Anyway, if we were to see the early stages of such a sphere, since it’d be expanding at near the speed of light it’d be just about to engulf us. So according to Hanson, we should expect not to detect alien life for the majority of the time when we undergo an existence anything like our current existence; and if we do detect alien activity, we should this mode of existence to be about to end
Link: Once We Can See Them It’s Too Late - Scott Aaronson
Further Reading: Vox article on Dissolving the Fermi Paradox
Links Of The Week
Covid One Year Ago - Twitter account for news from a year ago. 3rd Februrary - The first British person known to have caught and recovered from coronavirus chalks up his good health to "hot whisky and honey. 24th January 2020, LA Times: "Should you panic about the coronavirus from China? Experts say no. If this were a Hollywood movie, now would be time to panic. In real life, however, all that most Americans need to do is wash their hands"
Mark Cuban Cost Plus Drug Company - Drug prices in the US are massively inflated, in large part because insurance companies want to be able to advertise significant discounts. Drug companies don’t want to reduce prices, so they simply add a large mark up. Mark is planning to Markdown generics by only adding a 15% margin to wholesale. Albendazole will be $20/tablet instead of $225 and they are hoping to expand to over 100 drugs by the end of the year.

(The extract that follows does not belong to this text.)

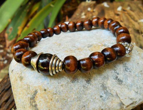 The bracelet's is made with 27 wooden beads and an garnet 'guru' bead and is approximately 20.3 cm long and is made with stretch material.

Generating SQL with GPT3 - SQL is a language for querying databases. GPT3 has shown an amazing ability to translate natural language queries into actual SQL queries, despite the fact that it is a fully general text completion engine and not focused on SQL at all. Even though it has a lot of limitations, I think the sceptics will be proven wrong with the next upgrade of GPT or when an algorithm optimised for SQL is released.